If $f$ is a complex-valued, continuous function on the contour $\Gamma$ and if its absolute value $| f(z) |$ is bounded by a constant $M$ for all $z$ on $\Gamma$, then we have the following inequality

$$\left|\int_{\Gamma} f(z) \,\d z\right| \leq |f(z)|\int_{a}^{b} \gamma'(t) \,\d t.$$

$$z(\theta)=z_{o}+Re^{i \theta}, \quad a \leq \theta \leq \beta. \tag{0}$$

$$I = \int_{0}^{\infty}\frac{x^{\frac{1}{2}}}{4+x^{2}} \,\d x. \tag{1}$$

The problem in the examples, comes to evaluating the integral in (1) via complex methods. I made the following observations in

$$I = \int_{0}^{\infty}\frac{x^{\frac{1}{2}}}{4+x^{2}} \,\d x \implies \oint_C \frac{z^{\frac{1}{2}}}{4+z^{2}} \,\d z\\ \implies \oint_{C}^{}\frac{re^{i(\theta + 2 \pi n)^\frac{1}{2}}}{4+ (Re^{i \theta})^{2}}dz \implies \oint_{C}^{}\frac{r^\frac{1}{2}e^{i(\theta + 2 \pi n)}}{4+ (Re^{i \theta})^{2}} \,\d z. \tag{2}$$

Remark: Following the observations in (2) our integral can now be defined on our contour denoted by $C$, depicted in the figure below.

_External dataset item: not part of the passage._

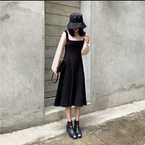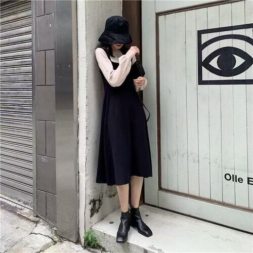 フェイクツーピース ニット ワンピース ロング丈 ふんわり 裾広がり 大人 カジュアル キレイめ シンプル フリーサイズ お出かけ お買い物 デート 女子会 秋冬 通学 通勤 学生 春
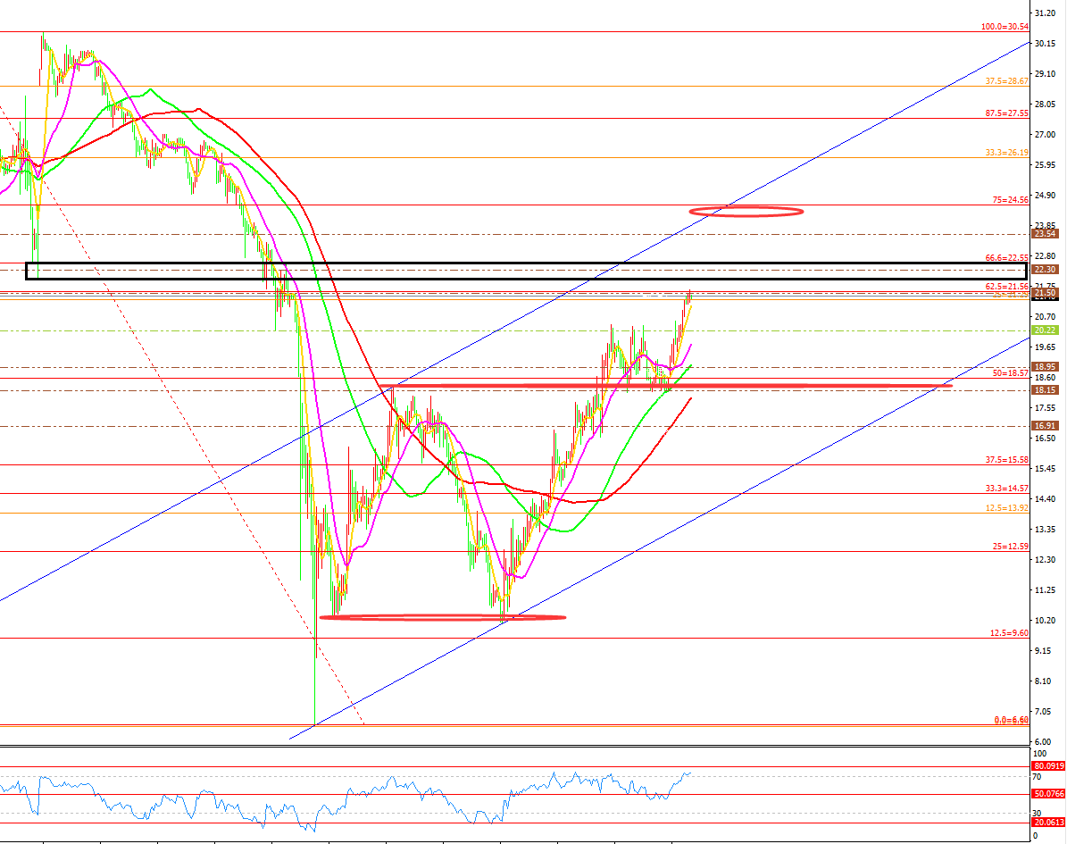 原油分析策略: 方向:多 目标:中多 阻力:22.3/24.3/27.0 支撑:20.0/18.3/17.0 拐点:22.3 多空分水岭:20.0 今日操作:中线低多为主,短线高空辅助 交易绩效有时宛如云霄飞车,时而攀高,时而剧降,总是夹杂着欢乐与哀愁。一个不留神,市场便可能瓦解投资人心理,蹂躏投资人灵魂。只要进场交易,这类的经验便无可避免,但是投资人尽可学会如何应付这些情况,甚至学习从中获利。规则必须严格执行,否则就是空谈。严格执行自己制定的规则,完全地自律,是艰难的一环。执行之难,因为人,是理性和非理性的综合体,非理性的一面,总是自觉或不自觉地企图来破坏我

The author in (3) parameterizing the integral on the RHS side, to show the direction $f(z)$ is being evaluated on $\gamma_{r}$ this is done by utilizing definition (0). For our parametrization this is shown in (4).

$$z(\theta)=Re^{i \theta} \ (0 \leq \theta < \pi), \quad \d z=iRe^{i \theta}\,\d\theta.$$

$$\int_{\gamma_{R}}\frac{r^\frac{1}{2}e^{i(\theta + 2 \pi n)}}{4+ (Re^{i \theta})^{2}} \,\d z = \int_{0}^{\pi}\frac{\sqrt[2]Re^{i \theta}}{4+ (Re^{i \theta})^2}iRe^{i \theta}\,\d\theta.$$

From (4) the author makes use of the ML Inequality to estimate the upper bound of the integral in (4) on the RHS side. My observations can be seen in (5).

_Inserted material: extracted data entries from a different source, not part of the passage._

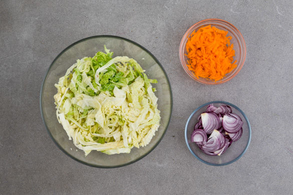 Den Wirsing von Strunk und dickeren Stellen befreien und in feine Streifen schneiden. Die Karotten schälen und grob raspeln. Die Zwiebeln halbieren, schälen und in feine Streifen schneiden.
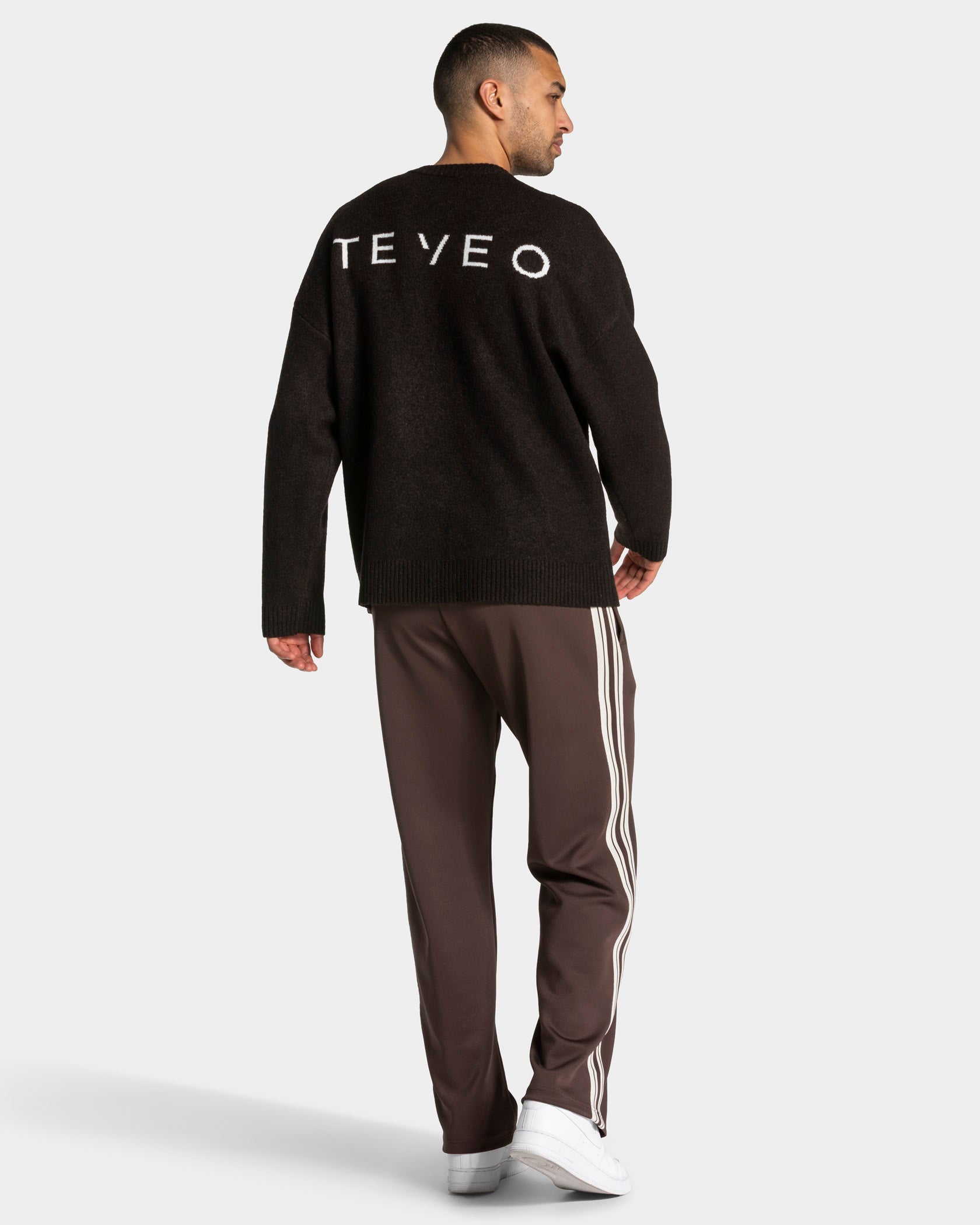 Der Knit Sweater in Dark Chocolate lässt sich optimal mit anderen Pieces von TEVEO kombinieren.
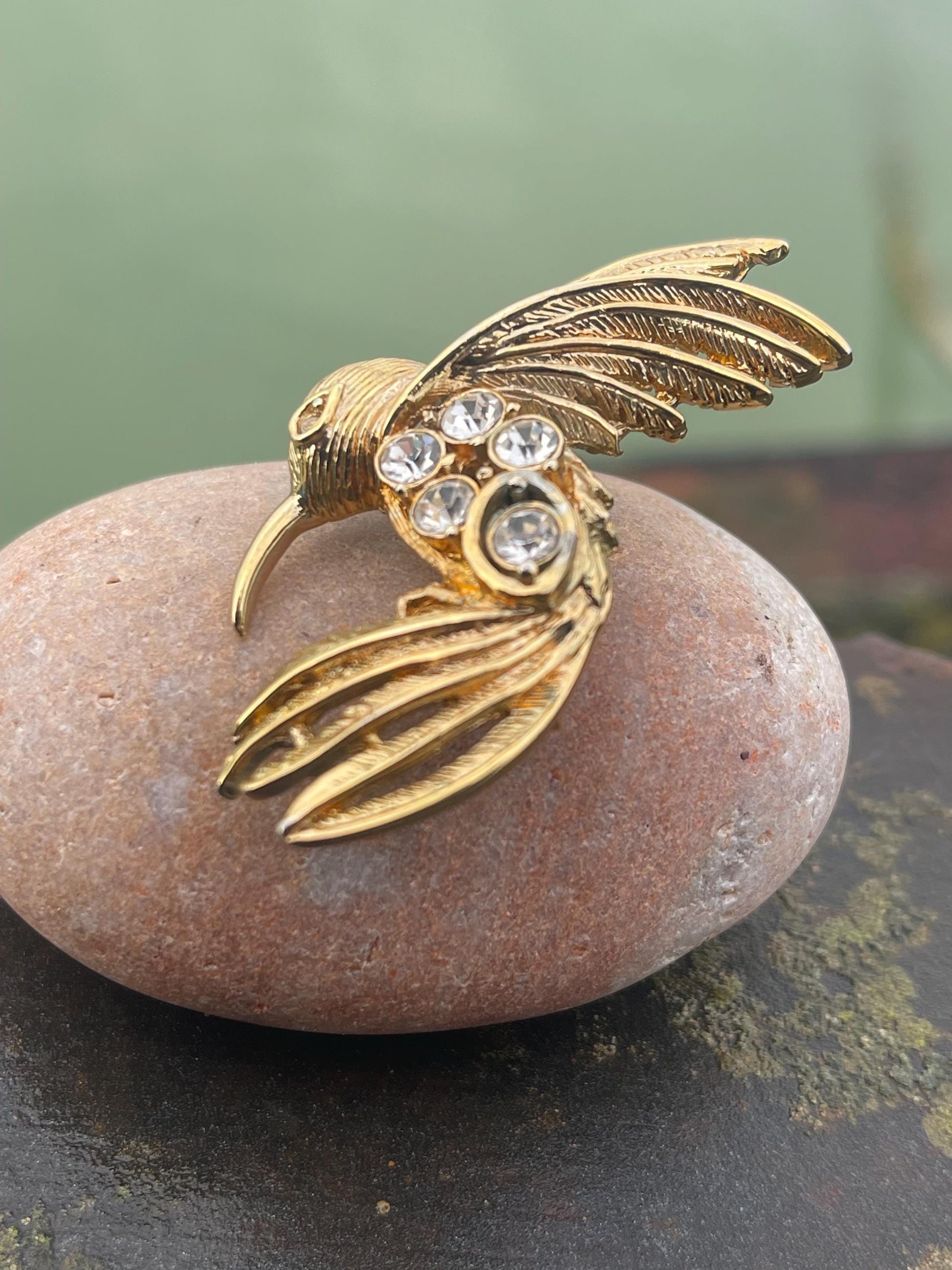 This is a very beautiful pre-loved hummingbird brooch, a restored piece that shines beautifully in the light.

Applying the ML inequality to the RHS side of (4), yields the following:

$$\left|\int_{0}^{\pi}\frac{\sqrt[2]Re^{i \theta}}{4+ (R^{2}e^{i \theta})}iRe^{i \theta}\,\d\theta\right| \leq \max \left|\frac{\sqrt[2]Re^{i \theta}}{4+ (R^{2}e^{i 2\theta})}\right| \int_{\gamma}\frac{\d z}{\d \theta}\left|\frac{\sqrt[2]Re^{i \theta}}{4+ (R^{2}e^{i 2\theta})}\right|.$$

Remark:

Within (5) the attempt made by the author to construct a bound can be observed as follows within (5.1).

$$\max_{f \in \gamma} \left| \frac{\sqrt[2]Re^{i \theta}}{4+ r^{2}e^{ia \theta}} \right| < \frac{\left|\sqrt[2]Re^{i \theta}\right|}{\left|4+ (R^{2}e^{i 2\theta})\right|} < \frac{R^{\frac{1}{2}}}{R^{2}-4}. \tag{5.1}$$

Following from (5.1), in (5.2) the author lets contour cover the upper half of the $\mathbb{C}$ $$ \left|\int_{\gamma_{R}} f(z) \,\d z\right| < \frac{\pi R^{\frac{3}{2}}}{R^{2}-4} \rightarrow 0, \quad R \, \rightarrow \infty$$

$$\lim_{x\to\infty} \int_{\gamma_r}f(z)\,\d z=0.$$

The crux of question lies between the steps taken in (5.1) and (5.2) I'm trouble verifying the construction the upper bound in (5.1) and the notion that the integral vanishes in (5.2).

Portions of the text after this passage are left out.